**Data extract**
•••
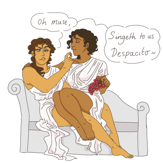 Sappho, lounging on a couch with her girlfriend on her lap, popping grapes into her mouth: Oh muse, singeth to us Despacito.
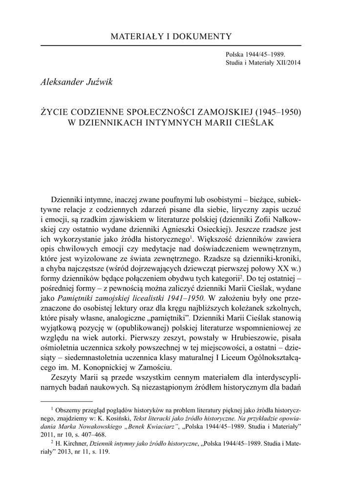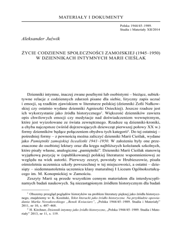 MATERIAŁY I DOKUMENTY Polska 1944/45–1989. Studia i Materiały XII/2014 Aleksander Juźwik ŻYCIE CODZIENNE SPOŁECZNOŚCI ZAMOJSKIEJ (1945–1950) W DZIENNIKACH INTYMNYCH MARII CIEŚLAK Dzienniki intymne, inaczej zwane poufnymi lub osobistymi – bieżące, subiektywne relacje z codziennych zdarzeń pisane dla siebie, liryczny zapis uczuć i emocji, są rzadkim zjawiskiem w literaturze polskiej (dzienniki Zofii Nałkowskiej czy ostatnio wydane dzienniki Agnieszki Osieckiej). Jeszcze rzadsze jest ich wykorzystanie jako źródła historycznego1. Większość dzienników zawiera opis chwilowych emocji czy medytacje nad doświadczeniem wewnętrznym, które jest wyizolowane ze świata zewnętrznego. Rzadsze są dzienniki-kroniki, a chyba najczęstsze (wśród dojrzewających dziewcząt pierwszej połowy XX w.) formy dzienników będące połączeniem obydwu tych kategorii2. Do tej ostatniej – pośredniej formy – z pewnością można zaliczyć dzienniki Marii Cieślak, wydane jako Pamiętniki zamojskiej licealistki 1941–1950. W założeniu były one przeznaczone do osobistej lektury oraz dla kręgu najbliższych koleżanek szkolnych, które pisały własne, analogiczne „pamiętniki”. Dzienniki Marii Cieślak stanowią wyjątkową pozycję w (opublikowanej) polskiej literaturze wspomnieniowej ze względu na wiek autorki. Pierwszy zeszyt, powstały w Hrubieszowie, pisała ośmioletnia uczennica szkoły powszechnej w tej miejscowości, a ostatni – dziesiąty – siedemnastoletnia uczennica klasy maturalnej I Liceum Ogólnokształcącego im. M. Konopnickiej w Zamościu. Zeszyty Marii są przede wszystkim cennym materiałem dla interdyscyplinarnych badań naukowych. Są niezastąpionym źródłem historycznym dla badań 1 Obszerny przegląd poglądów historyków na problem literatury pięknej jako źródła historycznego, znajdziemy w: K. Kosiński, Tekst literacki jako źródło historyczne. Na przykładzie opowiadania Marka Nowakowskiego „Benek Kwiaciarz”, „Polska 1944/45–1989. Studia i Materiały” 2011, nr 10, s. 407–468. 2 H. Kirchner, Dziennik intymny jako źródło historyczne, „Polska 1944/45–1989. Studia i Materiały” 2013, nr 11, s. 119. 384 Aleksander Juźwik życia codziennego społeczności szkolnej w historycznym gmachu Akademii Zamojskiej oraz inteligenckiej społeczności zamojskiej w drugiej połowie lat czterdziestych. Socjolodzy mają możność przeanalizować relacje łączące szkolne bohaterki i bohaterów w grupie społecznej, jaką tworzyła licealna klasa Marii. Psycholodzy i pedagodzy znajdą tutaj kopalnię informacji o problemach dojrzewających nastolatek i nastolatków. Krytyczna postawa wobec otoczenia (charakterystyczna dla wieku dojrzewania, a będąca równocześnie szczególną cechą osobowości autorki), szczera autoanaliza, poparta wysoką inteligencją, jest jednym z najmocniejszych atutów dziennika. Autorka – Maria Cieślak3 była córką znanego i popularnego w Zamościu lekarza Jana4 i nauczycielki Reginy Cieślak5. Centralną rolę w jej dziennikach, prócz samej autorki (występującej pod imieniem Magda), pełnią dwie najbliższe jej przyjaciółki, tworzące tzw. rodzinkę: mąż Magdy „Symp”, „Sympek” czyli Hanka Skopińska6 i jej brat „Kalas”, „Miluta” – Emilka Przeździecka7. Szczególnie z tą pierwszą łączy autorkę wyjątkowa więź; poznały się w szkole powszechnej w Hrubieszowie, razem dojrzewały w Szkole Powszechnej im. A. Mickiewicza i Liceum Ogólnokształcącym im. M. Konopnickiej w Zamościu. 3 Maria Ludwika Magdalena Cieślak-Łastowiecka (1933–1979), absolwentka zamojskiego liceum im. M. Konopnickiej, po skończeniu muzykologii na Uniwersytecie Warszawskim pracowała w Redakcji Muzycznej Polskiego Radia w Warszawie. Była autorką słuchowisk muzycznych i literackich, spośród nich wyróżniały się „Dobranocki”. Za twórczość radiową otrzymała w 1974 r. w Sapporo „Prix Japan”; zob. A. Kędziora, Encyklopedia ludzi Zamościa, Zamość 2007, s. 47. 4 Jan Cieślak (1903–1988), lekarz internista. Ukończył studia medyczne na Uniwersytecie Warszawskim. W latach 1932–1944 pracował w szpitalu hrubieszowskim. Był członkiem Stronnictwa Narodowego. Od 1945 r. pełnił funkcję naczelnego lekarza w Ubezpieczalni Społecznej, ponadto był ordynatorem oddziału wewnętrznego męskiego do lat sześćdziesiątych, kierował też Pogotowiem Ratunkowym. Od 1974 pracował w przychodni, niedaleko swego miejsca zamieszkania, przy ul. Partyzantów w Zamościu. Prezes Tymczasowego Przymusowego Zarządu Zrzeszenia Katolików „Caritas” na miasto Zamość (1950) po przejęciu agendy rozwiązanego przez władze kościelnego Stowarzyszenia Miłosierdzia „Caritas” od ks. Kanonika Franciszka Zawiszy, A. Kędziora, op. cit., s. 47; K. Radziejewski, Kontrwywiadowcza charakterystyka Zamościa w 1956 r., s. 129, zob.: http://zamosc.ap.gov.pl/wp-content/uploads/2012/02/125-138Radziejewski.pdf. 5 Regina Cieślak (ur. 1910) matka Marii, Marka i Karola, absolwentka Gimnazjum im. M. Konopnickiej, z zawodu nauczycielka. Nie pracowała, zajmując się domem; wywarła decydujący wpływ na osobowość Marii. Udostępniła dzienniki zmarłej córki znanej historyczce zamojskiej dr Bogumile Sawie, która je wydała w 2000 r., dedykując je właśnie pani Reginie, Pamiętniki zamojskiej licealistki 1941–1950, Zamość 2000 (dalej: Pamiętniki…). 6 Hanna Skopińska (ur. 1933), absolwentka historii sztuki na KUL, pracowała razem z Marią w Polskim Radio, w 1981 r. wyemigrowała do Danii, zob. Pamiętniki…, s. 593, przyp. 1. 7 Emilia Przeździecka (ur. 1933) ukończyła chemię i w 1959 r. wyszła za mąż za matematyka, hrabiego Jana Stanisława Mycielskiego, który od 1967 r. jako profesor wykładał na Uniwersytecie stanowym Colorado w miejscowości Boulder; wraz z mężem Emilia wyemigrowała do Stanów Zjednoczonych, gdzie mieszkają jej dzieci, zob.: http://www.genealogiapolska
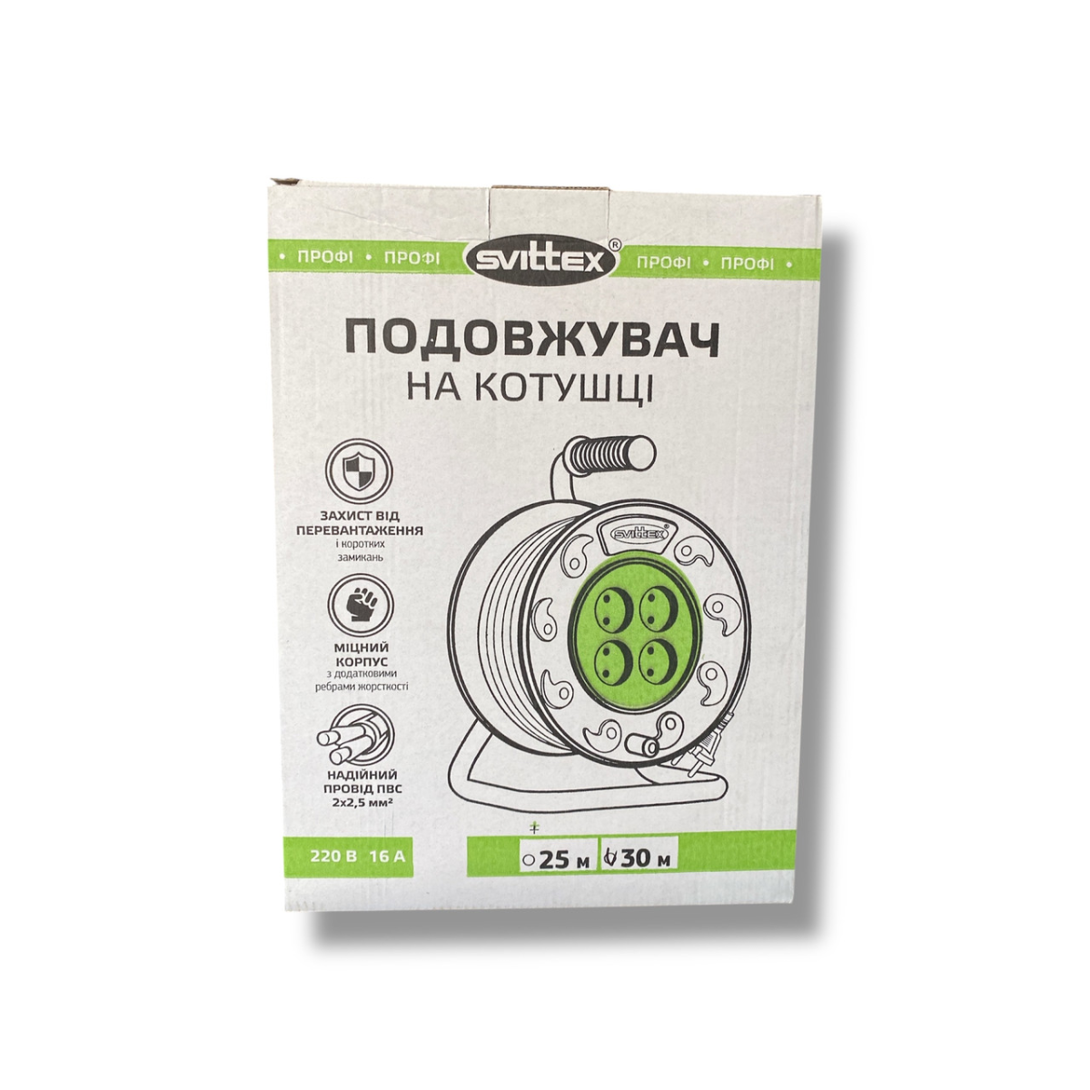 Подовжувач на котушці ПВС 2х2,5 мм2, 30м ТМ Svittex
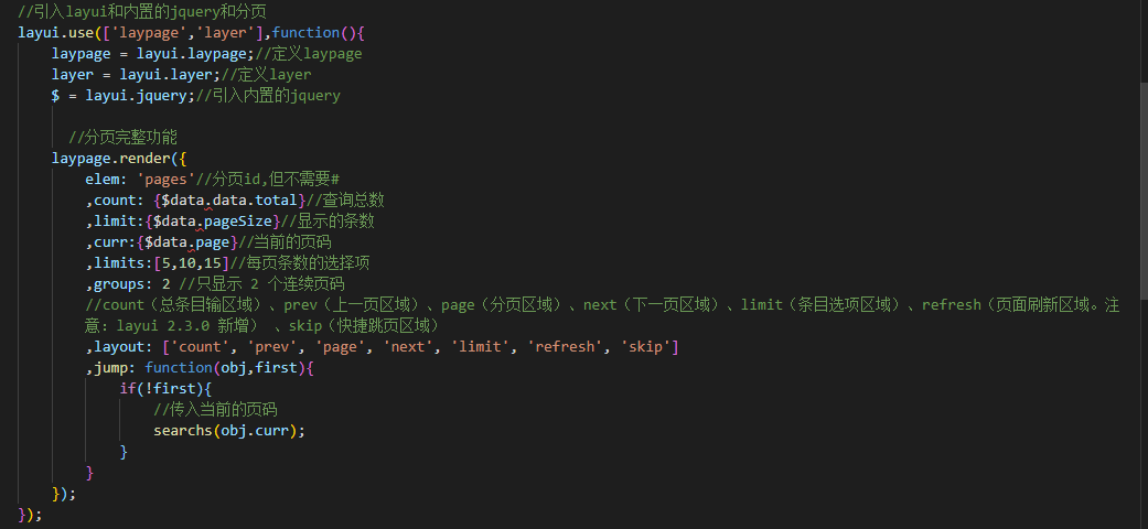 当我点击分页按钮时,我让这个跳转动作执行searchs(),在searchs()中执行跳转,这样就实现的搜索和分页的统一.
•••
**What is required**
Would it be possible to reproduce the material word for word, images omitted?

**Response area**
 Sappho, lounging on a couch with her girlfriend on her lap, popping grapes into her mouth: Oh muse, singeth to us Despacito.
 MATERIAŁY I DOKUMENTY Polska 1944/45–1989. Studia i Materiały XII/2014 Aleksander Juźwik ŻYCIE CODZIENNE SPOŁECZNOŚCI ZAMOJSKIEJ (1945–1950) W DZIENNIKACH INTYMNYCH MARII CIEŚLAK Dzienniki intymne, inaczej zwane poufnymi lub osobistymi – bieżące, subiektywne relacje z codziennych zdarzeń pisane dla siebie, liryczny zapis uczuć i emocji, są rzadkim zjawiskiem w literaturze polskiej (dzienniki Zofii Nałkowskiej czy ostatnio wydane dzienniki Agnieszki Osieckiej). Jeszcze rzadsze jest ich wykorzystanie jako źródła historycznego1. Większość dzienników zawiera opis chwilowych emocji czy medytacje nad doświadczeniem wewnętrznym, które jest wyizolowane ze świata zewnętrznego. Rzadsze są dzienniki-kroniki, a chyba najczęstsze (wśród dojrzewających dziewcząt pierwszej połowy XX w.) formy dzienników będące połączeniem obydwu tych kategorii2. Do tej ostatniej – pośredniej formy – z pewnością można zaliczyć dzienniki Marii Cieślak, wydane jako Pamiętniki zamojskiej licealistki 1941–1950. W założeniu były one przeznaczone do osobistej lektury oraz dla kręgu najbliższych koleżanek szkolnych, które pisały własne, analogiczne „pamiętniki”. Dzienniki Marii Cieślak stanowią wyjątkową pozycję w (opublikowanej) polskiej literaturze wspomnieniowej ze względu na wiek autorki. Pierwszy zeszyt, powstały w Hrubieszowie, pisała ośmioletnia uczennica szkoły powszechnej w tej miejscowości, a ostatni – dziesiąty – siedemnastoletnia uczennica klasy maturalnej I Liceum Ogólnokształcącego im. M. Konopnickiej w Zamościu. Zeszyty Marii są przede wszystkim cennym materiałem dla interdyscyplinarnych badań naukowych. Są niezastąpionym źródłem historycznym dla badań 1 Obszerny przegląd poglądów historyków na problem literatury pięknej jako źródła historycznego, znajdziemy w: K. Kosiński, Tekst literacki jako źródło historyczne. Na przykładzie opowiadania Marka Nowakowskiego „Benek Kwiaciarz”, „Polska 1944/45–1989. Studia i Materiały” 2011, nr 10, s. 407–468. 2 H. Kirchner, Dziennik intymny jako źródło historyczne, „Polska 1944/45–1989. Studia i Materiały” 2013, nr 11, s. 119. 384 Aleksander Juźwik życia codziennego społeczności szkolnej w historycznym gmachu Akademii Zamojskiej oraz inteligenckiej społeczności zamojskiej w drugiej połowie lat czterdziestych. Socjolodzy mają możność przeanalizować relacje łączące szkolne bohaterki i bohaterów w grupie społecznej, jaką tworzyła licealna klasa Marii. Psycholodzy i pedagodzy znajdą tutaj kopalnię informacji o problemach dojrzewających nastolatek i nastolatków. Krytyczna postawa wobec otoczenia (charakterystyczna dla wieku dojrzewania, a będąca równocześnie szczególną cechą osobowości autorki), szczera autoanaliza, poparta wysoką inteligencją, jest jednym z najmocniejszych atutów dziennika. Autorka – Maria Cieślak3 była córką znanego i popularnego w Zamościu lekarza Jana4 i nauczycielki Reginy Cieślak5. Centralną rolę w jej dziennikach, prócz samej autorki (występującej pod imieniem Magda), pełnią dwie najbliższe jej przyjaciółki, tworzące tzw. rodzinkę: mąż Magdy „Symp”, „Sympek” czyli Hanka Skopińska6 i jej brat „Kalas”, „Miluta” – Emilka Przeździecka7. Szczególnie z tą pierwszą łączy autorkę wyjątkowa więź; poznały się w szkole powszechnej w Hrubieszowie, razem dojrzewały w Szkole Powszechnej im. A. Mickiewicza i Liceum Ogólnokształcącym im. M. Konopnickiej w Zamościu. 3 Maria Ludwika Magdalena Cieślak-Łastowiecka (1933–1979), absolwentka zamojskiego liceum im. M. Konopnickiej, po skończeniu muzykologii na Uniwersytecie Warszawskim pracowała w Redakcji Muzycznej Polskiego Radia w Warszawie. Była autorką słuchowisk muzycznych i literackich, spośród nich wyróżniały się „Dobranocki”. Za twórczość radiową otrzymała w 1974 r. w Sapporo „Prix Japan”; zob. A. Kędziora, Encyklopedia ludzi Zamościa, Zamość 2007, s. 47. 4 Jan Cieślak (1903–1988), lekarz internista. Ukończył studia medyczne na Uniwersytecie Warszawskim. W latach 1932–1944 pracował w szpitalu hrubieszowskim. Był członkiem Stronnictwa Narodowego. Od 1945 r. pełnił funkcję naczelnego lekarza w Ubezpieczalni Społecznej, ponadto był ordynatorem oddziału wewnętrznego męskiego do lat sześćdziesiątych, kierował też Pogotowiem Ratunkowym. Od 1974 pracował w przychodni, niedaleko swego miejsca zamieszkania, przy ul. Partyzantów w Zamościu. Prezes Tymczasowego Przymusowego Zarządu Zrzeszenia Katolików „Caritas” na miasto Zamość (1950) po przejęciu agendy rozwiązanego przez władze kościelnego Stowarzyszenia Miłosierdzia „Caritas” od ks. Kanonika Franciszka Zawiszy, A. Kędziora, op. cit., s. 47; K. Radziejewski, Kontrwywiadowcza charakterystyka Zamościa w 1956 r., s. 129, zob.: http://zamosc.ap.gov.pl/wp-content/uploads/2012/02/125-138Radziejewski.pdf. 5 Regina Cieślak (ur. 1910) matka Marii, Marka i Karola, absolwentka Gimnazjum im. M. Konopnickiej, z zawodu nauczycielka. Nie pracowała, zajmując się domem; wywarła decydujący wpływ na osobowość Marii. Udostępniła dzienniki zmarłej córki znanej historyczce zamojskiej dr Bogumile Sawie, która je wydała w 2000 r., dedykując je właśnie pani Reginie, Pamiętniki zamojskiej licealistki 1941–1950, Zamość 2000 (dalej: Pamiętniki…). 6 Hanna Skopińska (ur. 1933), absolwentka historii sztuki na KUL, pracowała razem z Marią w Polskim Radio, w 1981 r. wyemigrowała do Danii, zob. Pamiętniki…, s. 593, przyp. 1. 7 Emilia Przeździecka (ur. 1933) ukończyła chemię i w 1959 r. wyszła za mąż za matematyka, hrabiego Jana Stanisława Mycielskiego, który od 1967 r. jako profesor wykładał na Uniwersytecie stanowym Colorado w miejscowości Boulder; wraz z mężem Emilia wyemigrowała do Stanów Zjednoczonych, gdzie mieszkają jej dzieci, zob.: http://www.genealogiapolska
 Подовжувач на котушці ПВС 2х2,5 мм2, 30м ТМ Svittex
 当我点击分页按钮时,我让这个跳转动作执行searchs(),在searchs()中执行跳转,这样就实现的搜索和分页的统一.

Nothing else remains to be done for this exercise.